Nicky will double cross control and jade will be sole survivor and pin a returning Sasha 
Baylzer will cost Rhonda her title in a lumber hill match


----------



## BehemothSuplex (Dec 21, 2014)

Lashley vs Lesnar = B- OK opener, sudden ending was a little flat though

Damage Ctrl Vs Asuka and Alexa = A, Great Match, all the girls showcased their strengths really well

McIntyre vs Kross = C+ Not great but solid enough, feel it was a little too slow at times though and Kross didn't quite make the most of the times he was on time psychologically

OC/Styles Vs Judgement Day = B- Had a lot of good stuff but I feel they bitched Dom a little too much, guy had zero offense even when JD were ontop.

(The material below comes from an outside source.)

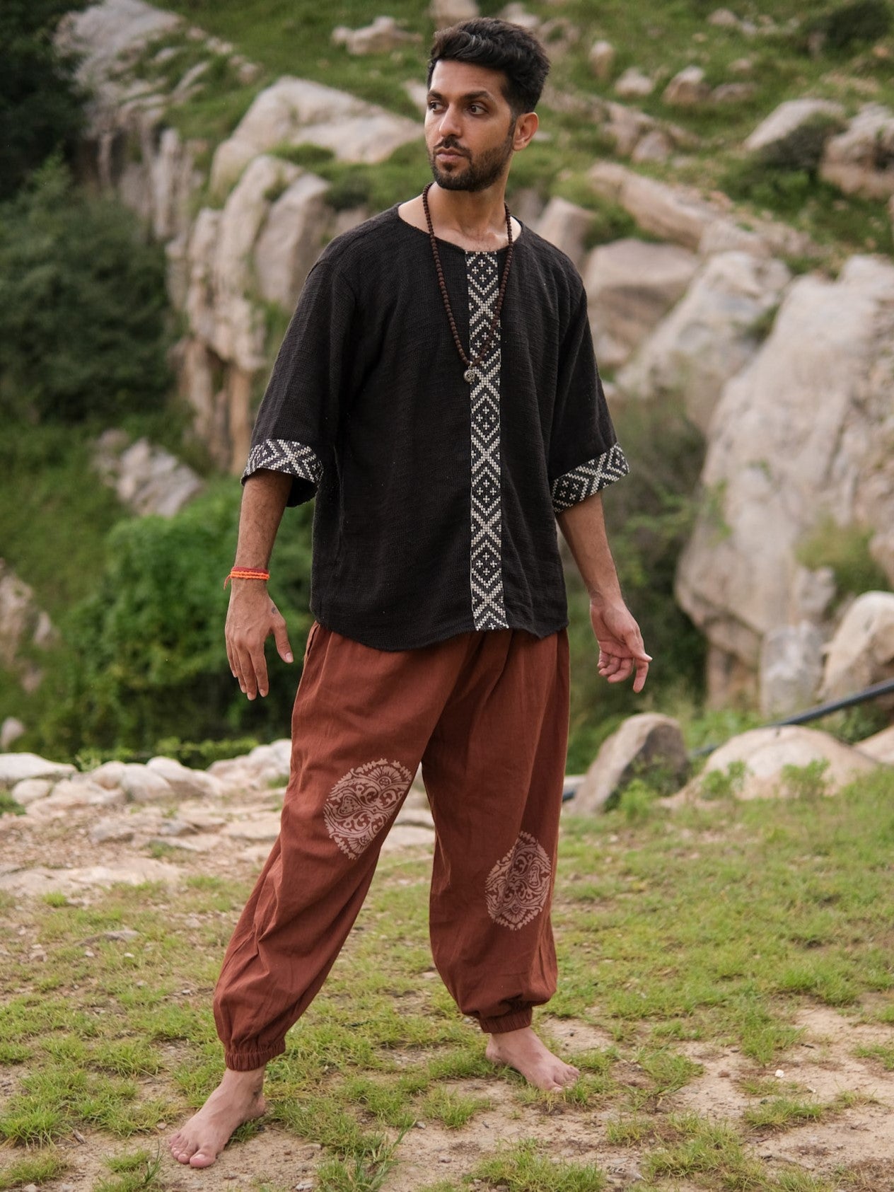 Bring a touch of bohemian charm to your wardrobe with these Beige Cotton Boho Pants featuring a bold red tribal mandala block print. Made from soft, breathable cotton, these pants ensure comfort and style all day long.
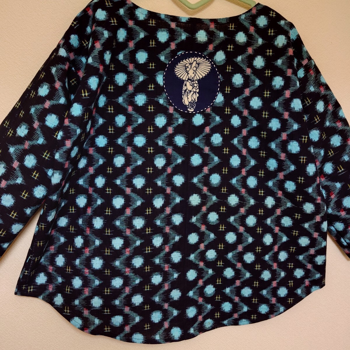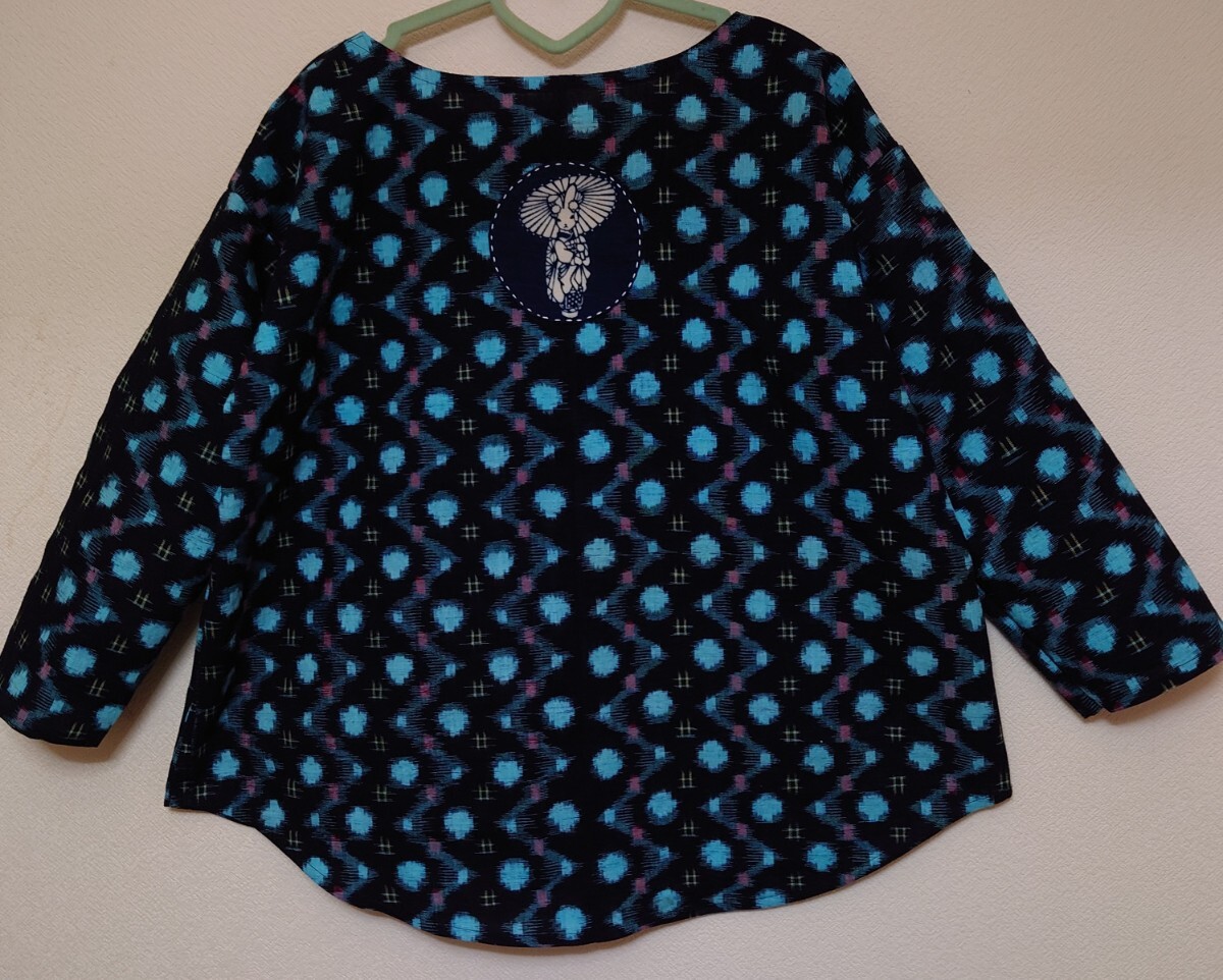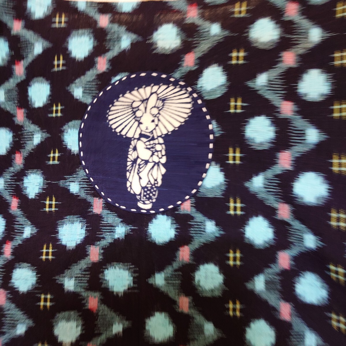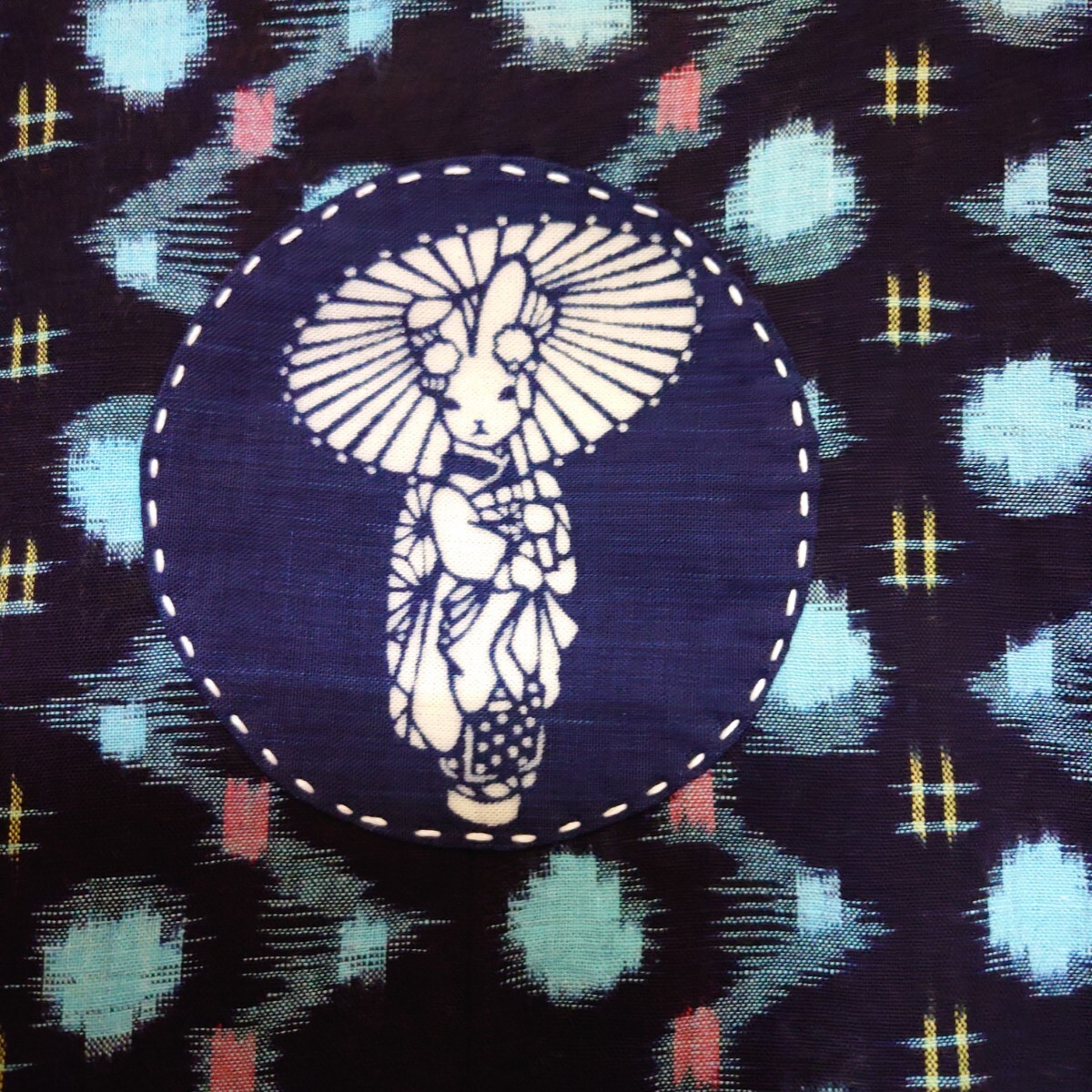 背中には型染めの傘をさした可愛らしいうさぎのパッチワークを手縫いでチクチクしました。

Strowman vs Omos = C+, Good but I feel Strowman should have a moment were he was on top for a spell. Did feel a little underwhelming for the finish as impressive a visual it was.

Usos vs Brutes - B, Good, everyone did well and was pleasantly surprised it was a clean finish

Wyatt promo = No rating but interesting, just think Wyatt really now needs to move up a gear leading up to Survivor Series and move away from Promo then video interference.

Belair vs Bayley = D-, Poor. Shame as I like both talents but for me it was a bit of a garbled spotfest for the most time. The golf cart was ridiculous, when Bayley had Bianca in the equipment case and didn't sit on it or lock it it just looked stupid. Biancas lack of selling really hurt the investment in it as a punishing contest. The ladder spot was ridiculously telegraphed. I could go on but Bayley really looked weak in this because it was so poorly produced.

Reigns vs Paul = B-, Not quite sure what some people saw in this to rate it frankly too highly. Was reasonably fine for most of the first half, Buckshot Lariat looked great, just afew moments where I feel Logans inexperience meant that letting spots breath wasnt there which is understandable. Did also feel a little bit "look at all the moves I know" but for a third match Logan impressed. Second half however was poor, the table spot was dumb and had no idea why it wasn't a DQ, USO involvement undid how solid they were in the tag match earlier which wasnt great. Jake Paul was easily the worst part in the match throwing shit punches (is he _really_ a boxer?) and looking like a bell end. Solo V Jake standoff was unnecessary but looked like a killer. Wasn't a bad match by any means but definitely fell Roman sold too much for everything up until "the one lucky punch" and probably should have won cleaner.

Presentation & Crowd = A- Set, production and so forth was fantastic just feel the crowd was not the greatest for most of the show though it was a long show. The drone light-shows were very cool to see


----------